(Material to process)

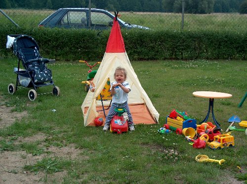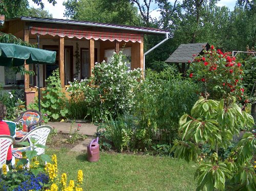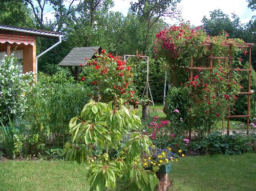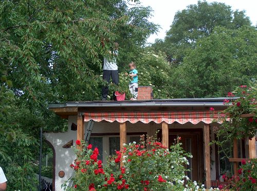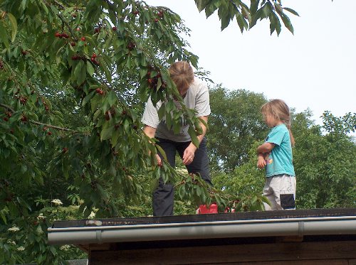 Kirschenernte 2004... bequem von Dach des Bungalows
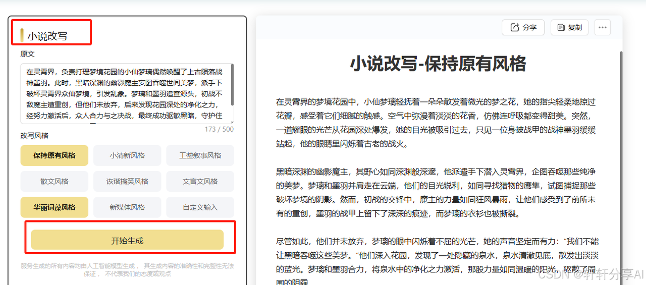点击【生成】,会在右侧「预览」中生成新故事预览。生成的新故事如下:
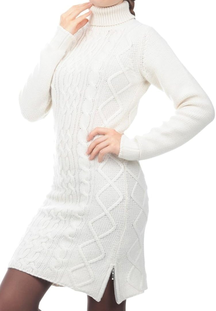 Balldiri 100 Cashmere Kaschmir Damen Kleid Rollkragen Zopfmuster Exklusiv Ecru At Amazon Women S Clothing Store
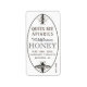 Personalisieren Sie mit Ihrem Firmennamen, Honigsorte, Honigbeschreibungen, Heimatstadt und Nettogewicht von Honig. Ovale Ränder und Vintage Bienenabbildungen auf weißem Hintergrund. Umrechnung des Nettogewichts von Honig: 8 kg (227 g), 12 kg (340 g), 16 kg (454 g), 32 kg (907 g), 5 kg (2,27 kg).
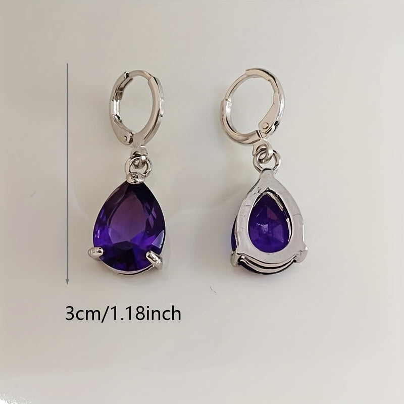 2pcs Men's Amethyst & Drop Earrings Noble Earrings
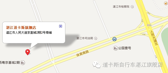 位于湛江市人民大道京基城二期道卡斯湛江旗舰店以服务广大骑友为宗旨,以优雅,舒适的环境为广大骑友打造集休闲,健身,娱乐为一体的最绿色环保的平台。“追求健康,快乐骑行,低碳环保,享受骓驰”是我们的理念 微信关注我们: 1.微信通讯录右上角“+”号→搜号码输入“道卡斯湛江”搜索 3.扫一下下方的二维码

(End Material to process)

Exercise requirements =
With the pictures excluded, transcribe word for word only the lines from the one containing "2pcs Men's Amethyst" through the last line of the records.

Task solution =
 2pcs Men's Amethyst & Drop Earrings Noble Earrings
 位于湛江市人民大道京基城二期道卡斯湛江旗舰店以服务广大骑友为宗旨,以优雅,舒适的环境为广大骑友打造集休闲,健身,娱乐为一体的最绿色环保的平台。“追求健康,快乐骑行,低碳环保,享受骓驰”是我们的理念 微信关注我们: 1.微信通讯录右上角“+”号→搜号码输入“道卡斯湛江”搜索 3.扫一下下方的二维码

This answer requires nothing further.